Solutions (so sensible that they are guaranteed political suicide):
1. A carbon tax, starting off modest, but with a growth escalator built in and known in advance to assist planning of transition.
Note: Since we know the economy did ok with oil priced double what it is now, the carbon tax need not start out so modest. It could be adaptive, so that for example retail gasoline prices are made roughly what they just were over the last 5 years (average), as a starting point for the tax to kick off system-transition investments.
Carbon trading is not a viable option. A simple at-source carbon tax is more effective and more transparent. Carbon trading is too easily gamed by accountants at the expense of physical reality. e.g. giving you credit for the forest you haven't chopped down yet (how nice of you) so that I can continue to burn more coal.

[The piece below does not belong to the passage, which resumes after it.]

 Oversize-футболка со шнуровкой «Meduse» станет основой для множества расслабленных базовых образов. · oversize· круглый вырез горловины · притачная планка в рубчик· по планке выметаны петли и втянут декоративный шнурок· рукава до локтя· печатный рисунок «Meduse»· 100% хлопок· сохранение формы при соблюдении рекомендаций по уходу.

2.One third of proceeds of carbon tax used to reduce income tax, to keep the economy stimulated.
3. One third of carbon tax revenue used to fund R&D into bleeding-edge alternative energy and transportation technologies.
e.g. better PV, better batteries, hyperloop, magnetized target fusion, thorium, novel grid-scale energy storage, smart-grid, superconducting supergrid
4. One third of carbon tax revenue used to fund non-fossil-fuel infrastructure projects with current technology. Examples:
a) Rapid transit
b) High-speed rail links
c) Energy-efficient building technology (LEED, Passivhaus) - regulations for all new construction, and subsidies
d) Geothermal Energy Projects. Redirect oil&gas industry drilling know-how and workers.

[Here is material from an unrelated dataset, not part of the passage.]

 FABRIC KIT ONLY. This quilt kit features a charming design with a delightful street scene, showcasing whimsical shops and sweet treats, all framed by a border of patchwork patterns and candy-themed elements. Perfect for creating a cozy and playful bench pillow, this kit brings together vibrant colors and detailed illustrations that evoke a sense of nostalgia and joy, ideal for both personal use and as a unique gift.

e) Significant feed-in tariffs for clean renewables (as done previously in Germany)
f) Other incentives for solar farms and solar thermal plants with molten-salt energy storage
f) Other incentives for residential PV and solar water heating
g) Deployment of grid-scale storage initially using existing technologies including Li-ion and sodium sulphur batteries, pumped hydro, underground pumped hydro.
h) Addition of long-distance HVDC power transmission lines long enough to cross weather systems. Encourages wind power and solar by evening out intermittency.
i) Expanded subsidy of electric vehicle purchase.